KonaKart is a Java eCommerce system aimed at medium to large online retailers. The KonaKart product is owned by DS Data Systems UK Ltd with staff in Italy and the UK.  DS Data Systems UK Ltd is part of the Zucchetti Group.

KonaKart provides an extensive set of features to enable retailers to successfully sell their products over the internet.  It is a Java / JSP / Javascript / XML based solution with easy to use java APIs (POJO, SOAP, JAXWS, JSON and RMI) that allow retailers to quickly integrate eCommerce functionality into existing systems. The customizable parts of KonaKart are Open Source and available under the GNU LGPL.

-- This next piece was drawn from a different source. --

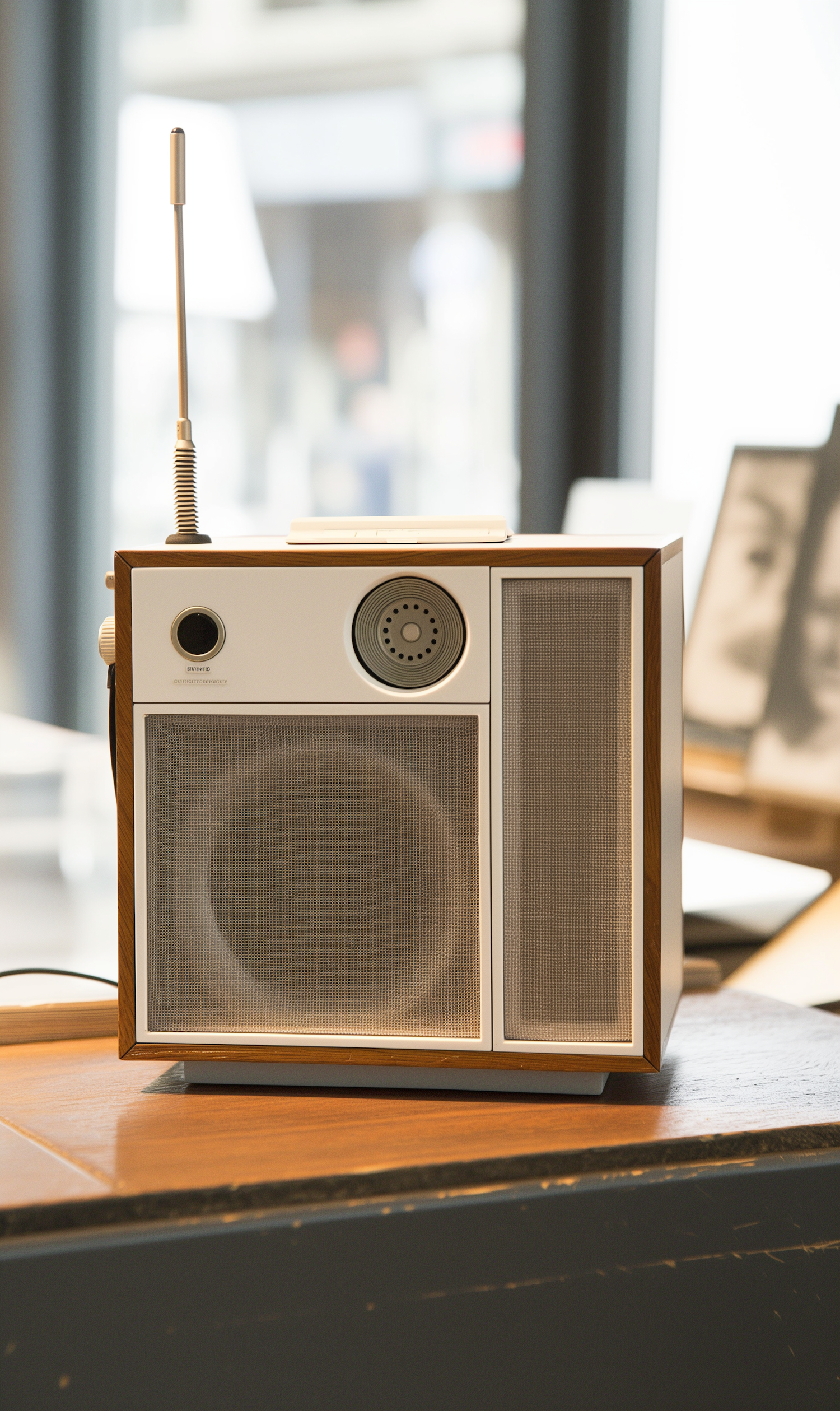 Vintage-style radio with wooden frame and white panel, featuring a large speaker grille and antenna, set on a wooden surface.
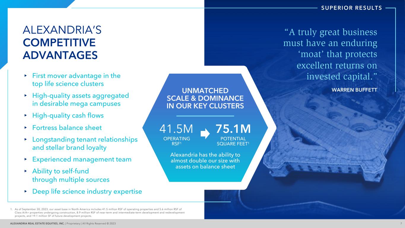 6ALEXANDRIA REAL ESTATE EQUITIES, INC. | Proprietary | All Rights Reserved © 2023 252% 513% 540% 669% 675% 765% 877% 914% 1,060% 1,160% 1,729% HEALTHCARE REALTY TRUST Total Stockholder Return From ARE’s IPO on May 27, 19971 to September 30, 2023 WELLTOWER UNIVERSAL HEALTH REALTY INCOME TRUST LTC PROPERTIES NATIONAL HEALTH INVESTORS OMEGA HEALTHCARE INVESTORS MSCI U.S. REIT INDEX HEALTHPEAK PROPERTIES FTSE NAREIT EQUITY HEALTH CARE INDEX2 ALEXANDRIA’S OUTSTANDING LONG-TERM VALUE Source: S&P Global Market Intelligence. Assumes reinvestment of dividends. 1. Alexandria’s IPO priced at $20.00 per share on May 27, 1997. 2. REITs included in the FTSE Nareit Equity Health Care Index for which total stockholder return information since May 1997 is not available are not presented. 3. On November 1, 2023, S&P Global Market Intelligence reevaluated its data for Ventas, which led to an adjustment of Ventas’s total stockholder return from 367% to 675% for the period above. SUPERIOR RESULTS VENTAS3

KonaKart includes both a Storefront application (with a Responsive Design) and an AJAX-enabled Administration Application.  The Administration Application includes role-based security which allows companies to define the administrative functions that should be allowed for different user groups.

Key Features of KonaKart include:
 Comprehensive eCommerce / shopping cart functionality
 Ease of integration through its complete set of Java, SOAP, JAXWS, JSON and RMI APIs
 Ease of creation of unique storefronts by using the jQuery / Javascript libraries
 Ease of customization - with examples, tutorials and source code available
 High performance, scalability and reliability
 Ability to run as a portlet - e.g. in Liferay
 Easy to integrate with any CMS or ERP system
 Wide choice of supported databases (MySQL, Oracle, PostgreSQL, DB2, MS SQL Server)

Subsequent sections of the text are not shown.